Резкость его слов привлекла особое внимание любопытствующих, столпившихся вокруг двух главных действующих лиц. Издалека вся сцена походила на собрание слушателей вокруг рассказчика, повествующего захватывающую историю. Жоржу показалось, что он окончательно сразил Александра своими унизительными откровениями, покончив с ним и не позволив тому оставить за собой последнее слово, но он недооценил сангвинический характер поэта, его пресловутую необузданную африканскую энергию.

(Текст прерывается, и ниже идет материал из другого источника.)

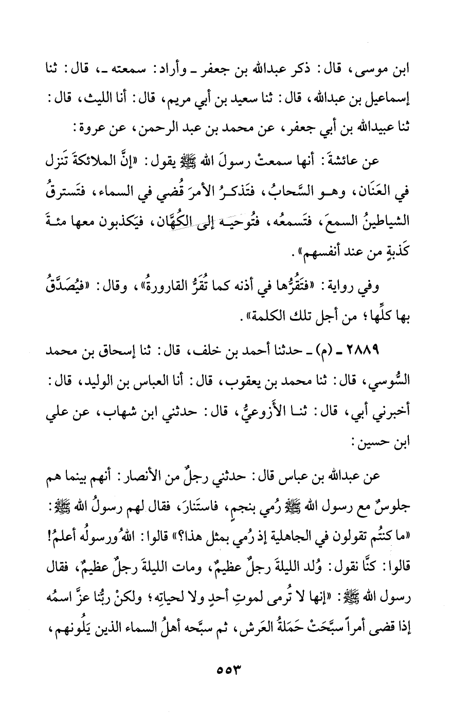 عن عبد الله بن عباس قال: حدثني رجل من الأنصار: أنهم بينما هم جلوس مع رسول الله صلى الله عليه وسلم رمي بنجم، فاستنار، فقال لهم رسول الله صلى الله عليه وسلم: ((ما كنتم تقولون في الجاهلية إذ رمي بمثل هذا؟)) قالوا: الله ورسوله أعلم! قالوا: كنا نقول: ولد الليلة رجل عظيم، ومات الليلة رجل عظيم، فقال رسول الله صلى الله عليه وسلم: ((إنها لا ترمى لموت أحد ولا لحياته؛ ولكن ربنا عز اسمه إذا قضى أمرا سبحت حملة العرش، ثم سبحه أهل السماء الذين يلونهم، #554# ثم الذين يلونهم، حتى يبلغ التسبيح أهل هذه السماء الدنيا، ثم يقول الذين يلون حملة العرش: ماذا قال ربكم؟ فيخبرونهم ماذا قال، فيستخبر أهل السموات بعضها بعضا، حتى يبلغ الخبر أهل هذه السماء الدنيا، فيخطف الجن السمع، فيلقونه إلى أوليائهم ويرمون، فما جاؤوا به على وجهه فهو الحق، ولكنهم يقرفون فيه ويزيدون)).

Напряжение достигло предела. Атмосфера сгустилась так, что стало трудно дышать.
– Я продолжу вашу несравненную биографию: ранее я сказал, что вы необразованный фат, украшающий собой бальные залы; можно полюбоваться тем, как вы вьетесь вокруг моей супруги, подобно дрессированной собаке, красуясь и распуская хвост, словно павлин!
– Говорят, – парировал Жорж, – но это, разумеется, лишь злые сплетни, что в отношениях с супругой вы проявляете слишком много ума, но слишком мало сердца.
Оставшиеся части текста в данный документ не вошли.